§ **Task directions**: Everything in the listing below from the line containing "Chemise marron à" through the line containing "О квартире: Квартира" must be repeated exactly; the remaining lines are not wanted.

§ **Data listing**:
- Opening Delimiter -

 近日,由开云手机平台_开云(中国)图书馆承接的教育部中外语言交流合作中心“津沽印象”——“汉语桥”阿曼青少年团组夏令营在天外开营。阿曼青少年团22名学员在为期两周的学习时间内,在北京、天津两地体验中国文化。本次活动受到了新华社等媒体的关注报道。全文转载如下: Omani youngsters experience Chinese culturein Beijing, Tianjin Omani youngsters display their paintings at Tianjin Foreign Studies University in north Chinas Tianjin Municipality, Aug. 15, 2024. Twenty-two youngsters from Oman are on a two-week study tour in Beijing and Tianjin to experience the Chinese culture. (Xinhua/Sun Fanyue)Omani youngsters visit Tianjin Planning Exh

- Closing Delimiter -
- Opening Delimiter -

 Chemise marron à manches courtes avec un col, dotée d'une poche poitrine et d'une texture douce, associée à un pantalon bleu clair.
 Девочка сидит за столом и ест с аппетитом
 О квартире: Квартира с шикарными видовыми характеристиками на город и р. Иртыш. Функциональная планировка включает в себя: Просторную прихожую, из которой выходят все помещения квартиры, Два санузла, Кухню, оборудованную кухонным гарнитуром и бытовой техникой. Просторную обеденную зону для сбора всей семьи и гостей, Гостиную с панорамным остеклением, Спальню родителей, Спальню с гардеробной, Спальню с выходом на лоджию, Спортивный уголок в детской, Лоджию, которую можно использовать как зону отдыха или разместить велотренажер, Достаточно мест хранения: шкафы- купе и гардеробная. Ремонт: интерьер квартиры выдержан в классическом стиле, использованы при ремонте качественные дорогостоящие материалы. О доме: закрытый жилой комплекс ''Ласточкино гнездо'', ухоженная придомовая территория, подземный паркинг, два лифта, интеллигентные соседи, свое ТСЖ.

- Closing Delimiter -

§ **Answer to this exercise**:
 Chemise marron à manches courtes avec un col, dotée d'une poche poitrine et d'une texture douce, associée à un pantalon bleu clair.
 Девочка сидит за столом и ест с аппетитом
 О квартире: Квартира с шикарными видовыми характеристиками на город и р. Иртыш. Функциональная планировка включает в себя: Просторную прихожую, из которой выходят все помещения квартиры, Два санузла, Кухню, оборудованную кухонным гарнитуром и бытовой техникой. Просторную обеденную зону для сбора всей семьи и гостей, Гостиную с панорамным остеклением, Спальню родителей, Спальню с гардеробной, Спальню с выходом на лоджию, Спортивный уголок в детской, Лоджию, которую можно использовать как зону отдыха или разместить велотренажер, Достаточно мест хранения: шкафы- купе и гардеробная. Ремонт: интерьер квартиры выдержан в классическом стиле, использованы при ремонте качественные дорогостоящие материалы. О доме: закрытый жилой комплекс ''Ласточкино гнездо'', ухоженная придомовая территория, подземный паркинг, два лифта, интеллигентные соседи, свое ТСЖ.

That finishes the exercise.